Records from a data source
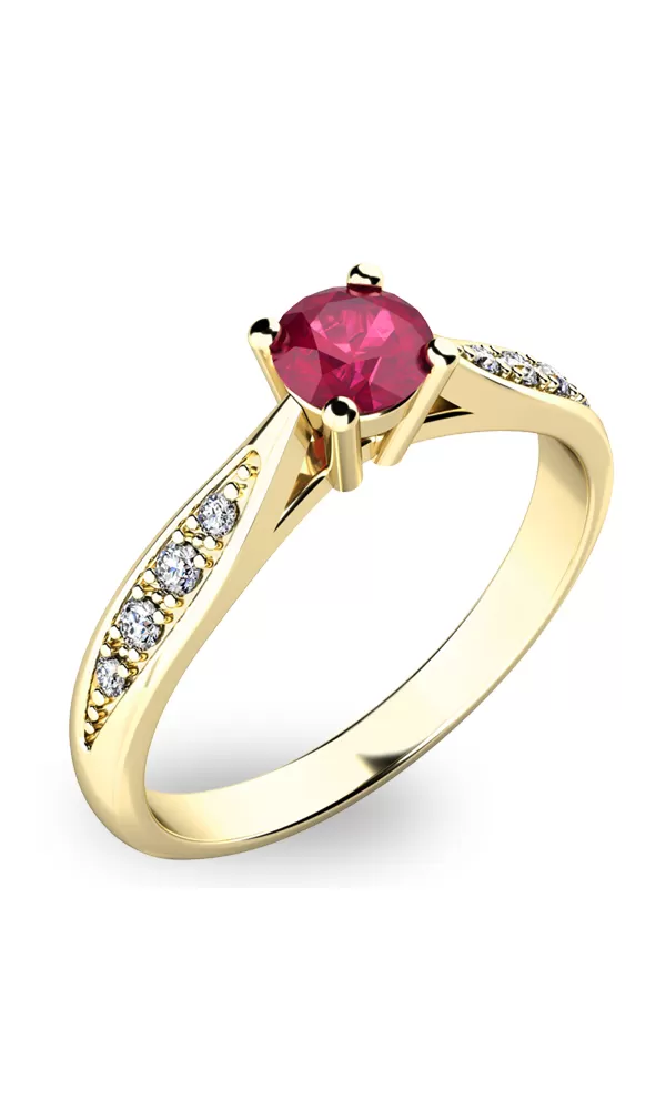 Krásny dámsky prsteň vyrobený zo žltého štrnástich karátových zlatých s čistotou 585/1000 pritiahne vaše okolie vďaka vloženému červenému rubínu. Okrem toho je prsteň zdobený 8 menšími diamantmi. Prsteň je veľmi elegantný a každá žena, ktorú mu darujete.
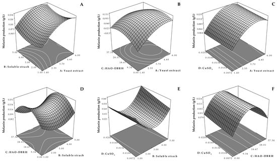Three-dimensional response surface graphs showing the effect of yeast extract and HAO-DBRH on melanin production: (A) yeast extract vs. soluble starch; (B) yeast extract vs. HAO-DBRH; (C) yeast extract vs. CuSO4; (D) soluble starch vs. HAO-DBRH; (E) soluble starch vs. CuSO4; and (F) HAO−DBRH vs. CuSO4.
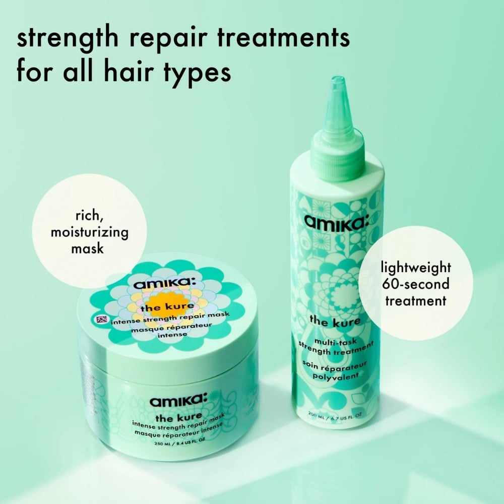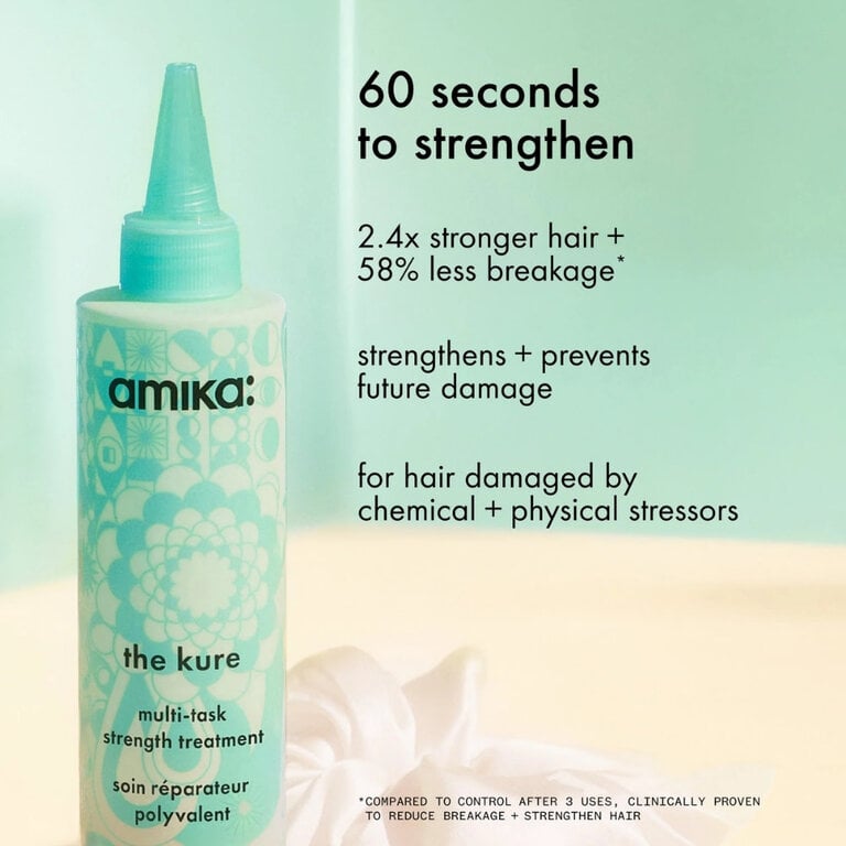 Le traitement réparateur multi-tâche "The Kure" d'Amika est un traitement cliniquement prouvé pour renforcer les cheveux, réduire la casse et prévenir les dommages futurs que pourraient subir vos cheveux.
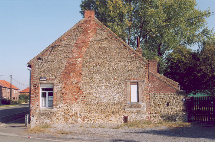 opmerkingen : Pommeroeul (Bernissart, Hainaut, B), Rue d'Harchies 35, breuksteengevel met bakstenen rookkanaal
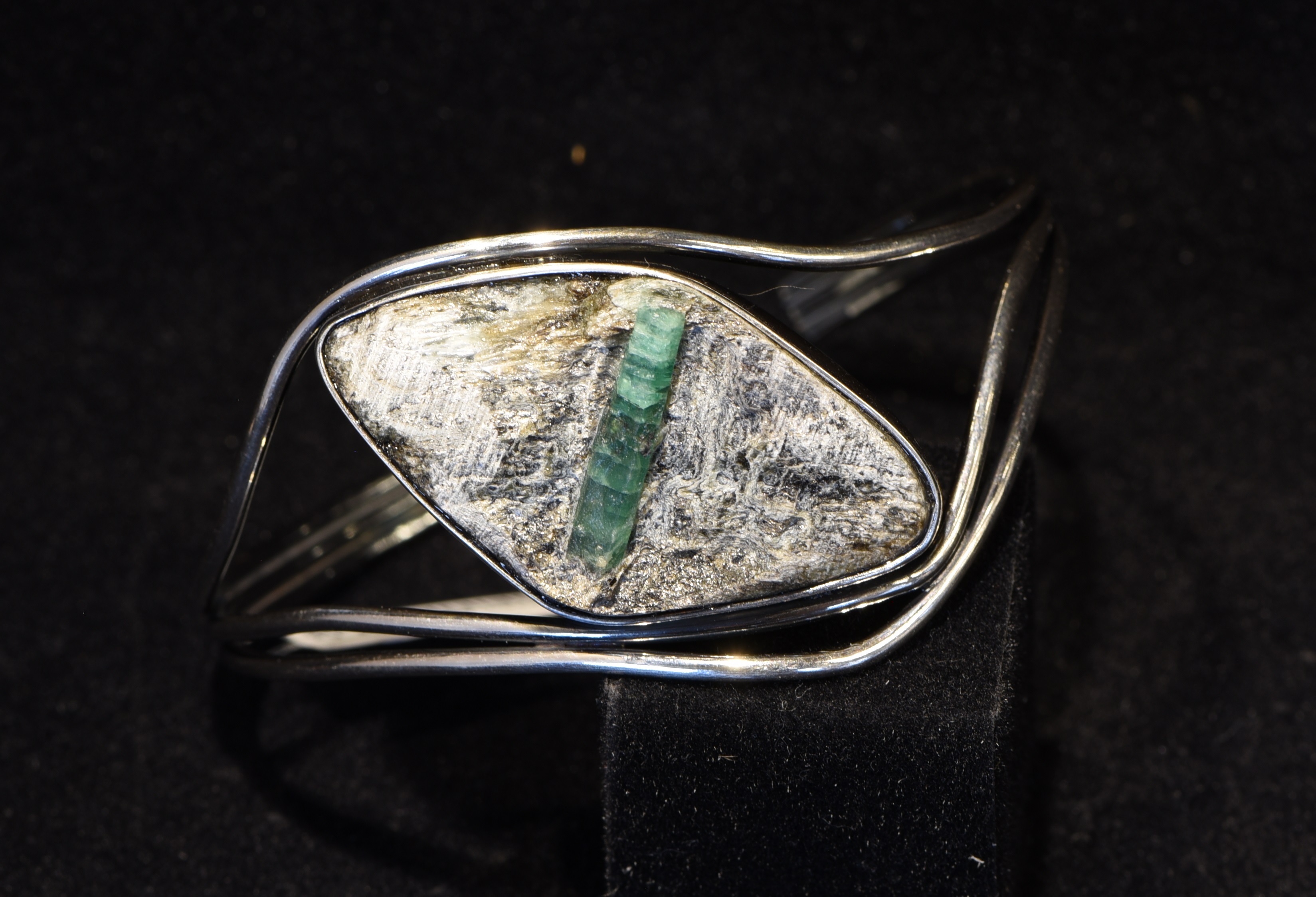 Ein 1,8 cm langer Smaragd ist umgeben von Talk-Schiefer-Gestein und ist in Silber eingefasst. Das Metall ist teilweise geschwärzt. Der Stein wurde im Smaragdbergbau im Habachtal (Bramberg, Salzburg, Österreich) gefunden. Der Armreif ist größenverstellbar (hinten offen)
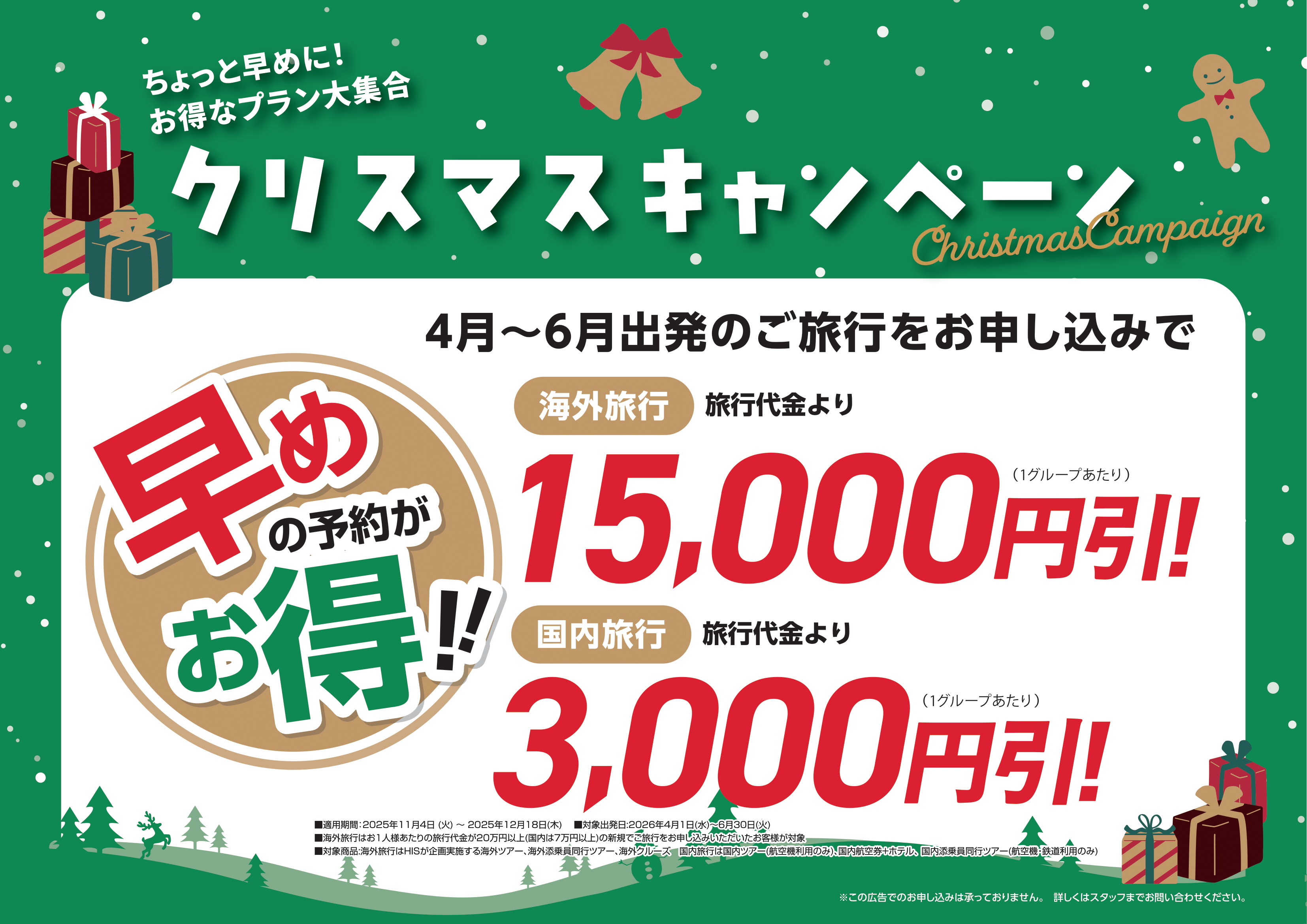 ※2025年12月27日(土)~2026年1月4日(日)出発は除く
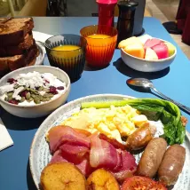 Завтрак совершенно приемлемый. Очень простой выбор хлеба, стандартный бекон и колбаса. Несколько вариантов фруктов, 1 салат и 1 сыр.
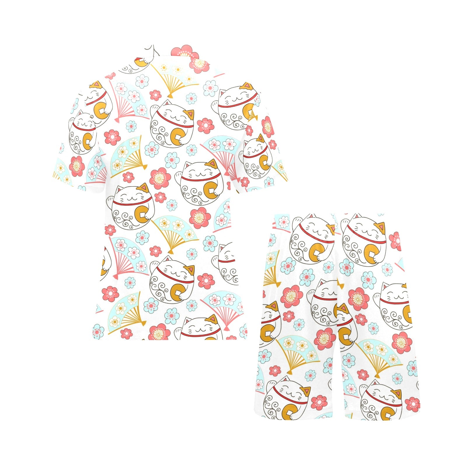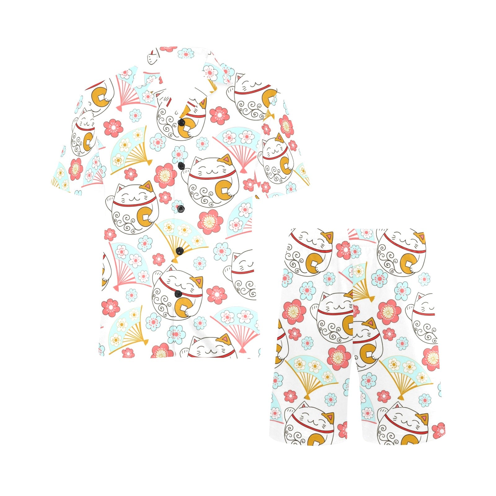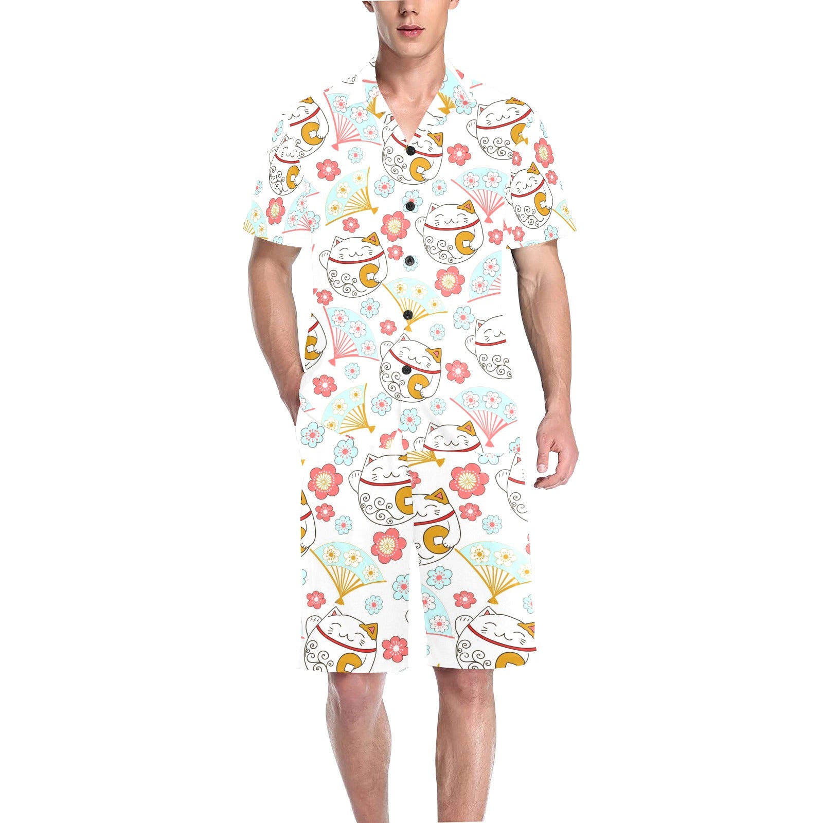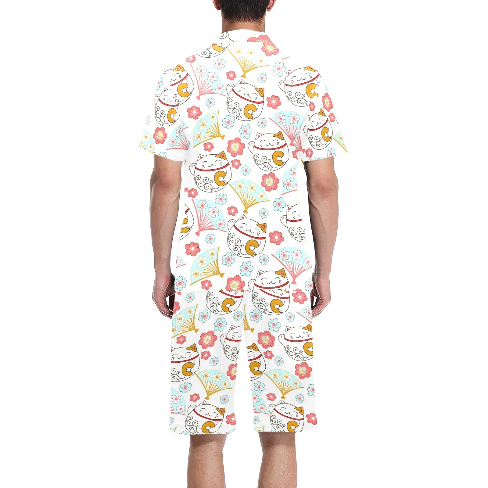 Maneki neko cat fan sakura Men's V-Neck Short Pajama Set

*Assignment*. Retype each entry exactly. No pictures.

*Response area*.
 Krásny dámsky prsteň vyrobený zo žltého štrnástich karátových zlatých s čistotou 585/1000 pritiahne vaše okolie vďaka vloženému červenému rubínu. Okrem toho je prsteň zdobený 8 menšími diamantmi. Prsteň je veľmi elegantný a každá žena, ktorú mu darujete.
Three-dimensional response surface graphs showing the effect of yeast extract and HAO-DBRH on melanin production: (A) yeast extract vs. soluble starch; (B) yeast extract vs. HAO-DBRH; (C) yeast extract vs. CuSO4; (D) soluble starch vs. HAO-DBRH; (E) soluble starch vs. CuSO4; and (F) HAO−DBRH vs. CuSO4.
 Le traitement réparateur multi-tâche "The Kure" d'Amika est un traitement cliniquement prouvé pour renforcer les cheveux, réduire la casse et prévenir les dommages futurs que pourraient subir vos cheveux.
 opmerkingen : Pommeroeul (Bernissart, Hainaut, B), Rue d'Harchies 35, breuksteengevel met bakstenen rookkanaal
 Ein 1,8 cm langer Smaragd ist umgeben von Talk-Schiefer-Gestein und ist in Silber eingefasst. Das Metall ist teilweise geschwärzt. Der Stein wurde im Smaragdbergbau im Habachtal (Bramberg, Salzburg, Österreich) gefunden. Der Armreif ist größenverstellbar (hinten offen)
 ※2025年12月27日(土)~2026年1月4日(日)出発は除く
 Завтрак совершенно приемлемый. Очень простой выбор хлеба, стандартный бекон и колбаса. Несколько вариантов фруктов, 1 салат и 1 сыр.
 Maneki neko cat fan sakura Men's V-Neck Short Pajama Set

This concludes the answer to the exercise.